Billy Casper Golf to take over golf operations at the Lake?

By Duncan Nixon

Much to the surprise of the golfing community at Lake Monticello, the LMOA Board of Directors recently released a proposed new fee schedule developed by Billy Casper Golf (BCG) that BCG apparently projected would cut LMOA losses on golf in half in 2021.

Leading individuals in the golf community at the Lake were taken aback. According to Board chairman Jay Hinkle, BCG, which is already handling the golf course maintenance and the food and beverage service, came to the Board and proposed that it take over golf operations as well. Hinkle said in a recent interview that the idea would be to develop a master management contract with a single payment to BCG for golf course maintenance, golf course operations and food and beverage services. This would be a better deal for LMOA than having individual management contracts. When the Board made the BCG proposed fee schedule public, it was news to LMOA’s own Golf Committee, the officers of the Gray Foxes group, the women’s golf groups, the Monday night golf group, and the very active Hardin golf group, that any talks were in the works for BCG to take over the Lake’s golf operations.

At a public meeting, on Oct. 29, the leaders of the Lake golf groups gave the Board of Directors quite an earful of opinions, about the Board’s procedures and about the proposed new fee schedule. Board chairman Jay Hinkle said at the meeting that operating losses are currently running at about $250,000 per year. In addition, this figure does not include capital costs that include planned improvements projected out over a 30-year period.

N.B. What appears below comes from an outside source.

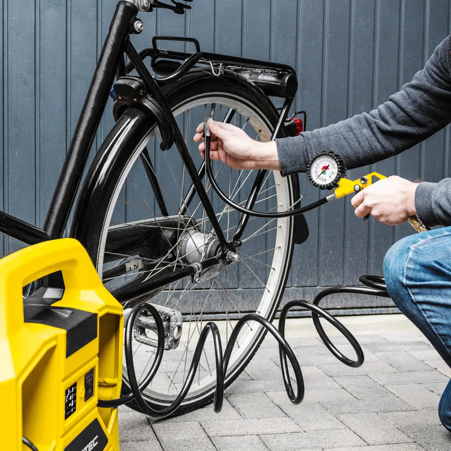 Hvis du ønsker at kontrollere hurtigt dæktrykket på køretøjet før ferierejsen, og fylde det slappe cykeldæk op med luft til sæsonens start eller oppumpe fodbolden skudsikkert før spillet med den kraftige kompressor PCPS 10-1100 fra Trotec er alle disse opgaver intet problem – og kan bekvemt udføres direkte hjemmefra.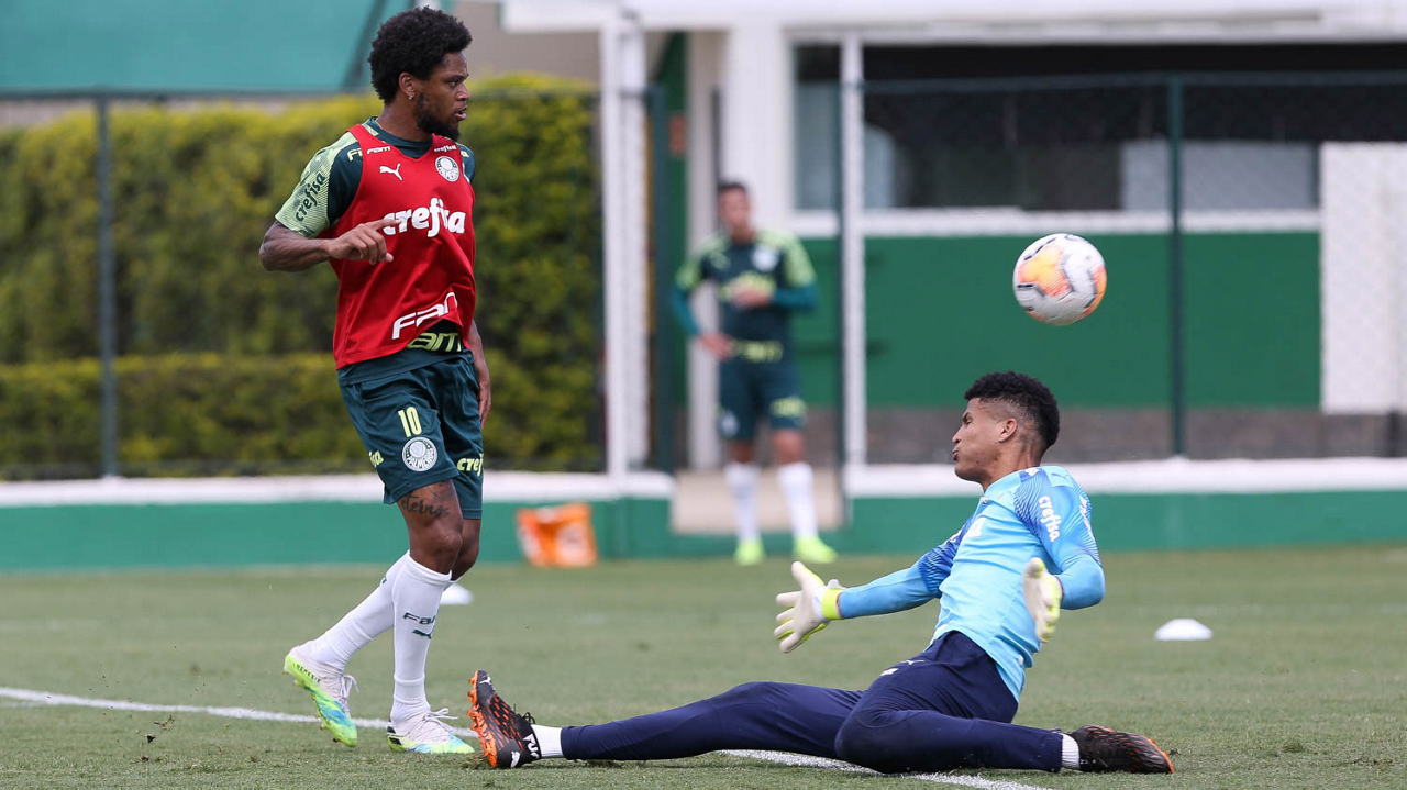 O jogador Luan, da SE Palmeiras, durante treinamento, na Academia de Futebol. (Foto: Cesar Greco)

The proposed fee schedule offers  all kinds of combinations and permutations. For instance, the daily fees for a single round of golf actually go down under the proposal, but the annual contract fees go up a lot. One calculation for a golf playing couple that practices on the driving range shows an increase of 28 percent. A calculation for a single player playing three 18- hole rounds a week and practicing regularly on the range shows an increase of 46 percent. The cost for an associate single member (i.e. non-resident) goes up by 65 percent.

Regarding the annual operating loss, a little perspective is in order. The Lake is fortunate to have a large base of dues paying units over which to spread this cost. The subsidy of the golf course per dues paying unit comes to about $60 a year, or $5.00 per month. In the event that the Lake were to lose or abandon its golf course, it is fairly certain that property values would be negatively affected to some extent. Prospective buyers looking for a house at a golf course community would look to Spring Creek and Old Trail and skip over Lake Monticello. Housing prices would obviously not tumble, but a loss of a couple of percentage points for most homeowners would make the $60 a year cost look piddling. Nonetheless, Hinkle says the Board is committed to improving LMOA finances and making the golf course break even or profitable would be consistent with that goal.

Most of those commenting on the new fee schedule told the Board that the schedule appeared to reflect a lack of knowledge of the make-up of the golf playing community at the Lake. The demographics of players at the Lake may be significantly different from the demographics of the golf playing communities at other courses managed by BCG. Comments were quite uniform in their view that if the proposed fee schedule is adopted without change, a portion of players will walk away from the course. If that were to happen, it is very hard to imagine how BCG could cut losses in half in year one. Golf courses around the country are generally not making money and golf demand is highly elastic, meaning that if golfers perceive that prices are too high, they may turn to other courses or hang up their clubs. It was clear from the comments that the proposed fee schedule would have a significant negative impact on the golfers who play most regularly. On the other hand, the proposed fee schedule would be beneficial to the casual, occasional player. In a recent interview, Hinkle said that the Board is committed to working on the fee schedule with the regular, high volume players. He noted that currently, 53 percent of total golf course revenue comes from these players.

While the reaction to the Board’s negotiations and the proposed fee schedule was entirely negative, the fact is that most golfers at the Lake have been very happy with the way in which BCG has handled golf course maintenance at the Lake in recent years, and with how it has handled food and beverage management of late. Furthermore, BCG is a highly successful golf course management company, managing approximately 160 different courses all around the country. The Board apparently believes that it cannot go wrong in turning golf operations over to BCG. Hinkle said that one thing that BCG might do is try to integrate the golf course into the community more fully with events to bring in non-golfers. He also suggested BCG is very committed to promoting lessons and youth golf, two areas in which the Lake Monticello golf course is already quite strong.

If a more realistic fee schedule can be worked out, it is possible that the Board’s proposal to turn golf course operations over to BCG could be approved at the November, or December Board meeting.  The November Board meeting is scheduled for Nov. 19.